- Original language: English
- Written by: Porter Emerson Browne
- Genre: Comedy
- Setting: Gilbert Jones ranch house on border with Mexico

Premiere
- Date: August 30, 1920
- Place: Comedy Theatre New York City, New York

= The Bad Man (play) =

Play written by Porter Emerson Browne

The Bad Man is a 1920 three-act comedy play by American playwright Porter Emerson Browne. The Broadway production at the Comedy Theatre ran for 342 performances beginning August 30, 1920. It was included in Burns Mantle's The Best Plays of 1920–1921.

==Synopsis==
Playwright Porter Emerson Browne declares a certain timeliness of theme by employing the former Mexican bandit, Pancho Villa, as a hero of the proceedings, though he thinly disguises him under the name of Pancho Lopez. The scene is a cattle ranch near the Mexican border in Arizona. Gilbert Jones, a young American, is the ostensible owner of the ranch, but the $10,000 with which he bought it was borrowed from his uncle, Henry Smith of Bangor, Maine, who is living with him. A year after the purchase young Jones enlisted in the American army, saw service in France, and when he returned found his property practically worthless. Mexican bandits had stolen most of his cattle and such crops as had been planted had failed. In an effort to save the property he mortgaged the ranch to Jasper Hardy, the sheriff of the county, and the play opens the day the mortgage is to be foreclosed by Hardy.

==Production==
The Bad Man was one of the early successes of the Broadway season. Produced at the Comedy Theatre by William H. Harris Jr. and staged by Lester Lonergan, the play ran from August 30, 1920, until June 1921.

===Cast===

- Frank Conroy as Gilbert Jones
- Holbrook Blinn as	Pancho Lopez
- Edna Hibbard as Angela Hardy
- James H. Bell as Venustiano
- Frank Bixby as Mexican cook
- Frances Carson as Lucia Pell
- James A. Devine as Henry Smith
- Chief Whitehawk as Alvarado
- Charles Gibney as Bradley
- John Harrington as Red Giddings
- Herbert Heywood as Pedro
- Indian Joe as Felip
- James B. Lenhart as Blake
- Wilson Reynolds as Jasper Hardy
- Fred L. Tiden as Morgan Pell

==Adaptations==
The play was adapted for three films—The Bad Man (1923) starring Holbrook Blinn; The Bad Man (1930) starring Walter Huston; and The Bad Man (1941) starring Wallace Beery.

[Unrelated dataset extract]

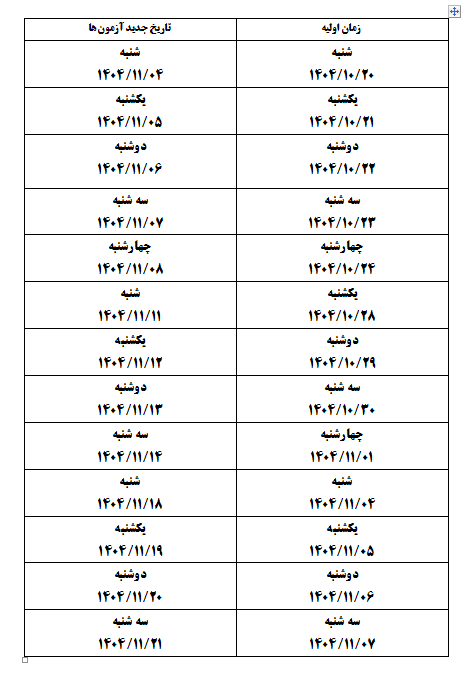 زمان برگزاری آزمونهای پایان ترم از تاریخ 1404/11/4 به شرح ذیل تغییر خواهد
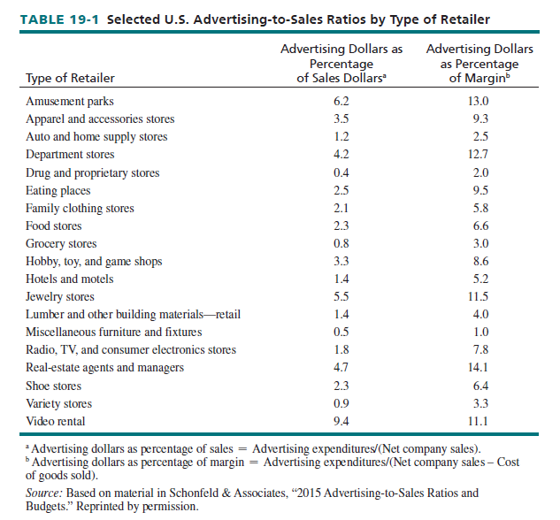 Amazon has the highest annual dollar advertising expenditures among U.S. retailers—nearly $4 billion. However, this represents just 3.5 percent of U.S. sales. Amazon relies on targeted online advertising, television advertising, public relations, its Associates program (where participants get commissions when their customer referrals result in product sales), cooperative advertising with vendors, and price promotions such as percentage discounts off current purchases and inducement offers for discounts on future purchases subject to a minimum current purchase.3 Table 19-1 shows advertising ratios for several retailing categories.

The Bad Man was adapted for the CBS Radio series The Campbell Playhouse on May 19, 1939. The cast included Orson Welles (Pancho Lopez), Ida Lupino (Lucia Pell), Frank Readick (Gilbert Phebbs), Ray Collins (Uncle Phipps), William Alland (Morgan Pell), Diana Stevens (Dot), Everett Sloane (Louie) and Edward Jerome (Pedro).